- Problem description
Print the line containing "Das Feuer breitete" and all lines after it to the end of the records below, exactly as written. No pictures.

- Material supplied
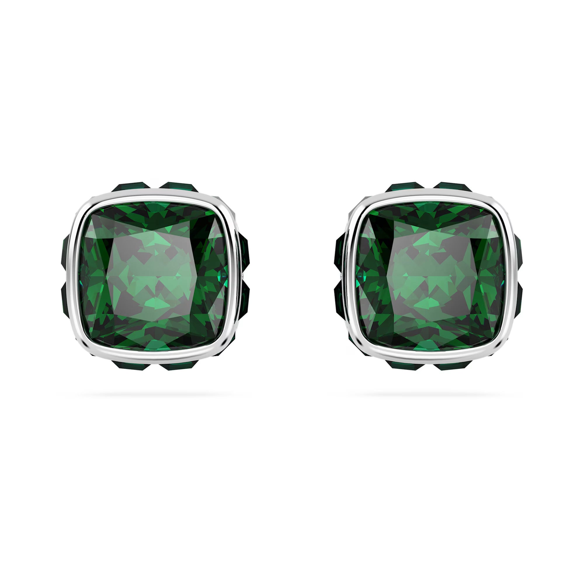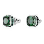Birthstone stud earrings Square cut, May, Green, Rhodium plated
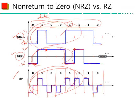 (2) 1계층 영역에서 아날로그 데이터를 디지털 데이터로 변경하는 과정이 발생한다.
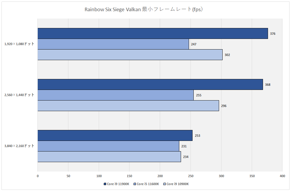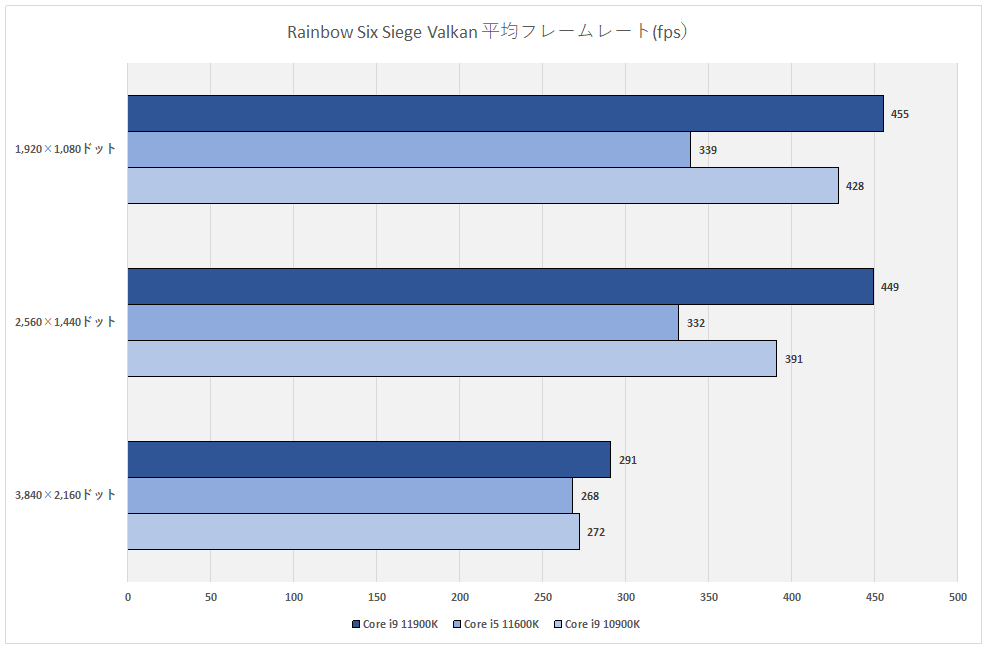 Vulkan API版のRainbow Six Siegeのベンチマークモードを使用。総合品質を「最高」に変更。そのほかの設定は変更せず、プリセットに従う。1,920×1,080ドット、2,560×1,440ドット、3,840×2,160ドットの3種類の解像度で計測を実施し、計測値はベンチーマーク結果の値を採用している。
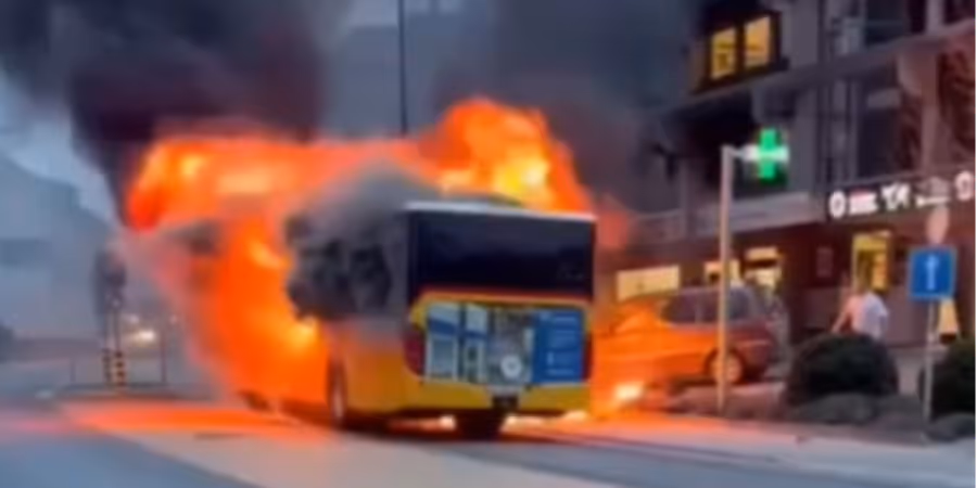 Das Feuer breitete sich in Windeseile im Fahrgastraum aus. Binnen kurzer Zeit stand das Postauto Kerzers FR lichterloh in Flammen. Nach bisherigen Erkenntnissen übergoss sich ein etwa 65-jähriger Mann im Bus mit einer brennbaren Flüssigkeit und zündete sich an.
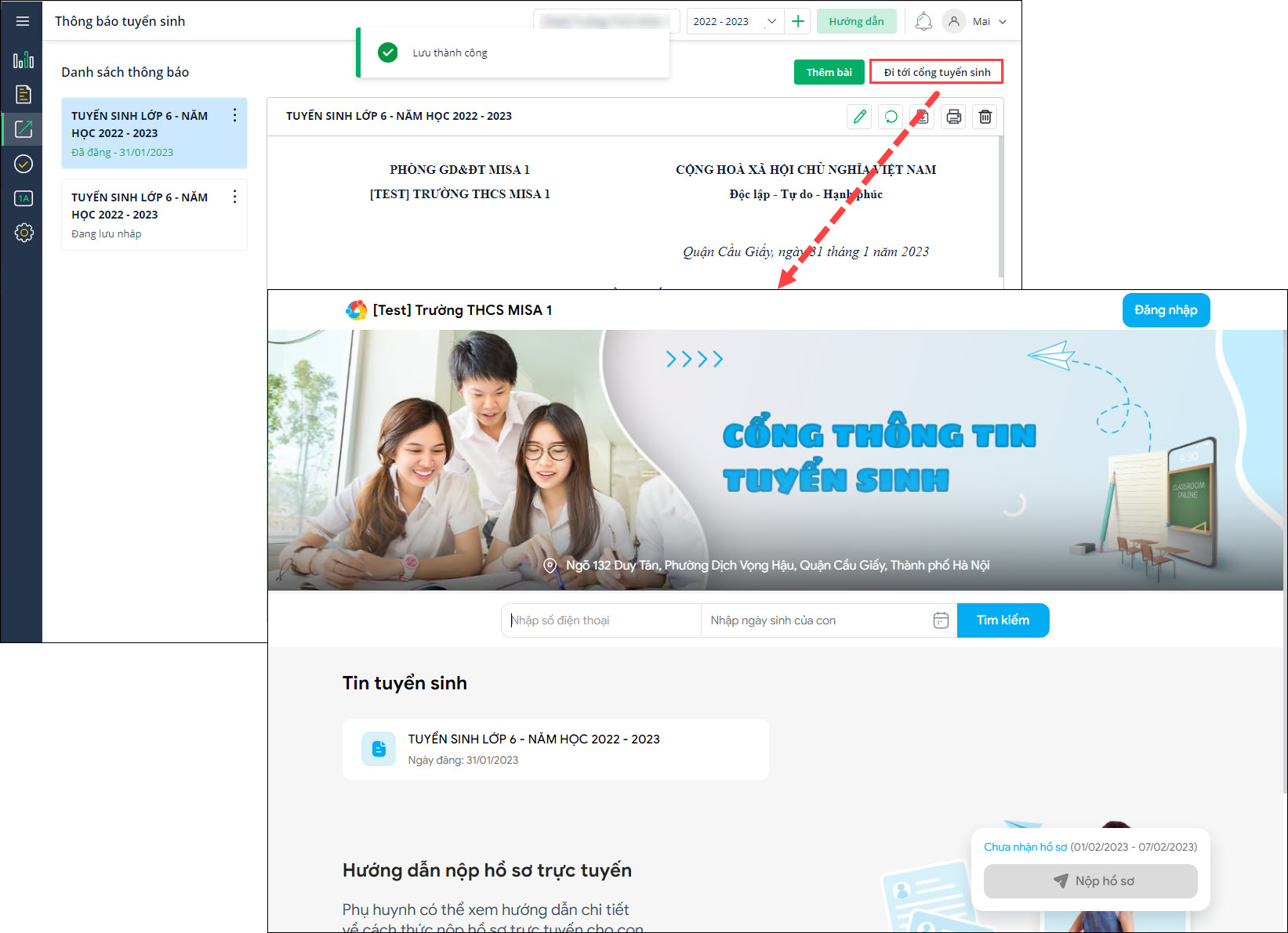 - Tại mục Thông báo tuyển sinh, Nhà trường cũng có thể thêm tin bài, thông báo đến phụ huynh trong quá trình tuyển sinh theo hướng dẫn chi tiết tại đây.

- Answer to this exercise
 Das Feuer breitete sich in Windeseile im Fahrgastraum aus. Binnen kurzer Zeit stand das Postauto Kerzers FR lichterloh in Flammen. Nach bisherigen Erkenntnissen übergoss sich ein etwa 65-jähriger Mann im Bus mit einer brennbaren Flüssigkeit und zündete sich an.
 - Tại mục Thông báo tuyển sinh, Nhà trường cũng có thể thêm tin bài, thông báo đến phụ huynh trong quá trình tuyển sinh theo hướng dẫn chi tiết tại đây.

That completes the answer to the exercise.